Çığlıklar içimizdeki farklı coğrafyalardan çıkar. Bunlar ailemizin bize hiç söylememiş oldukları, bazıları, görünmeyenin haykırışlarıdır. İsmimiz ya ailemizin çocukluk hayalini taşır ya da ölmüş olanın yükünü.
Doğarız, büyürüz, okula başlarız ve ardından gelen ilk soru büyüyünce ne olacağımızdır. Seçmek zorundayızdır ve öyle ya da böyle seçeriz. Evlilik zamanı gelir, evleniriz. Ah aradığım adam/kadın bu değildi deriz, böyle bir kaçmaya teşebbüs ederiz. Kaçarız ama ne kadar uzağa gidebiliriz? İş değiştiririz, kıta değiştiririz, ama bir döneriz ki elimiz hala telefonda bir umut bir değişiklik beklerken aslında aynı yerde kalakalmışız.
Zaman geçer, tam kendimizi bir yerde bulacakken öyle bir deneyimle karşılaşırız ki ah evet ben bunu biliyorum deriz. Kah güler kah gene ağlarız. Öfkelenir, savaşırız, hatta suçlarız. Bir bakarız ki sonuç gene aynı.
İşte ne zaman durumu kabulleniriz o zaman pandoranın kutusu gibi açılır bütün seçenekler; çözüm yolları belirir önümüzde. Kabulleriniz ki biliriz hatamızı, sevişiriz yanlışımızla. Huzur verir bu gerçek bize, çünkü artık teoride kalmış bir düşünce pratiğe aktarılmıştır. Duran saat artık çalışıyordur. Tatlı bir dinginliktir aslında kabullenmek. Ha bu bu arada yanlış anlaşılmasın, kabullenmek derken boyun eğmekten bahsetmiyorum. "Farkındalık" benim söylemek istediğim.
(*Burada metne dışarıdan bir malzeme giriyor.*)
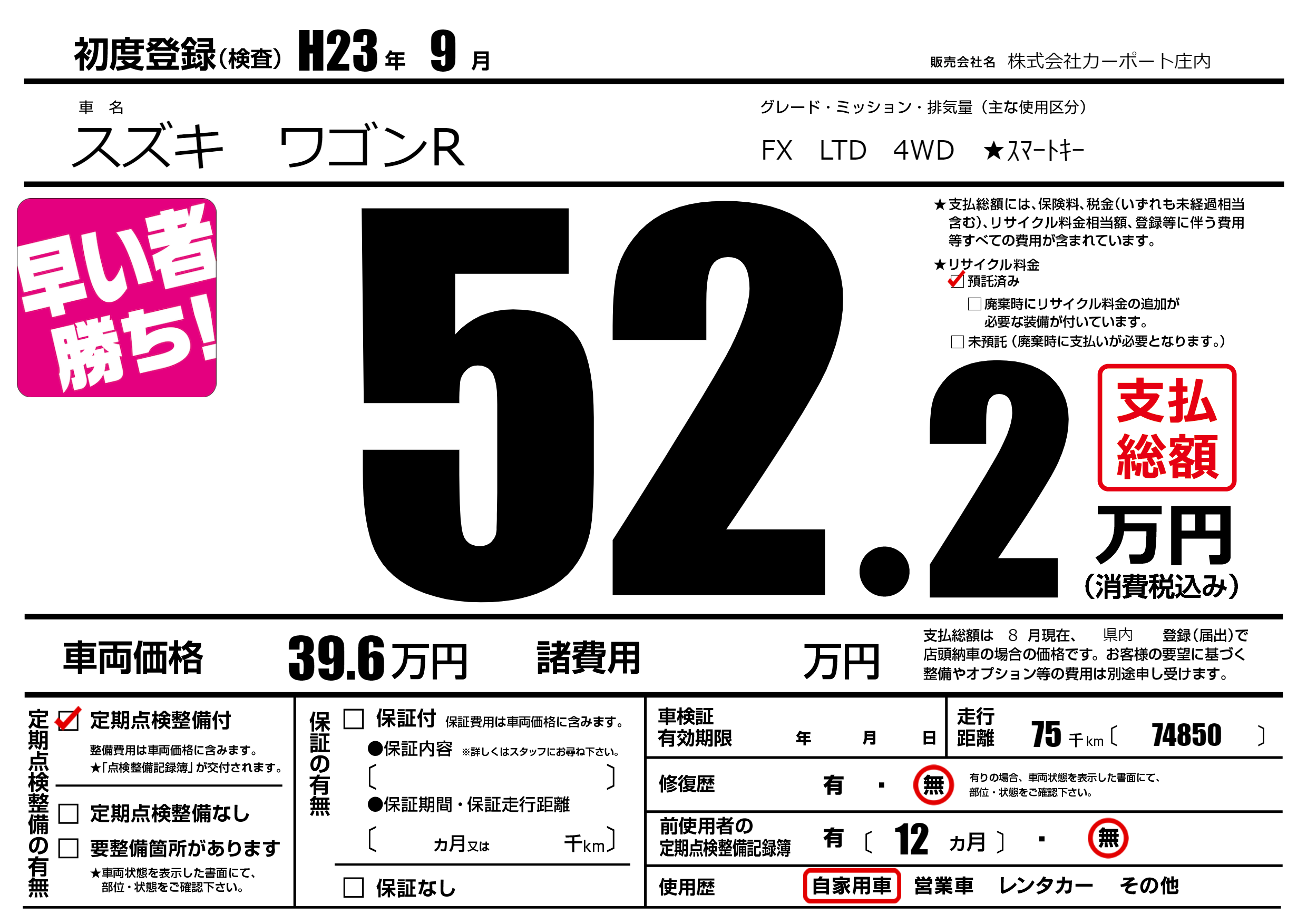| 定期点検整備 | 定期点検整備あり | ||

Ne zaman kabullenirsin,işte o zaman farkındalık gelir ve evet biliyorum dersin. Bu aşamada kim durabilir ki karşında?
İnci Tebiş
11.02.2013
Fransa- Notre Dame
“Spinoza ve Einstein’ın çözümünü kucaklamak daha iyiydi: kafanı eğ, doğanın zarif yasalarına ve esrarına şapkanla selam ver ve yaşama işine devam et”
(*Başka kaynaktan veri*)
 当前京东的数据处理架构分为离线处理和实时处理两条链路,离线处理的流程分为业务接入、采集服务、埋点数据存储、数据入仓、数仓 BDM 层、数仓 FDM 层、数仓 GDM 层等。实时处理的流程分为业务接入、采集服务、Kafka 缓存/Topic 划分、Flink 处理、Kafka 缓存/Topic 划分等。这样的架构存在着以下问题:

ReplyDelete(Irvin Yalom/ Bugünü Yaşama Arzusu)
Ama bence önce farkındalık sonra kabullenme gelir..
Merhaba Ali bey, yorumunuz için çok teşekkür ederim. Ben bu yazıda farkındalık ve Kabullenmeyi beraber yazdım çünkü çok keskin bir ayrım çizgisi yok içinde ; tabiki her zaman dediğim gibi bu benim bakış açım. Psikoloji, sosyoloji vs fazlası ile yorumlara açık bir bilim dalı. Yalom psikolojinin bir başka babası ancak benim dediğin, kullandığım yaklaşım birazcık daha farklı.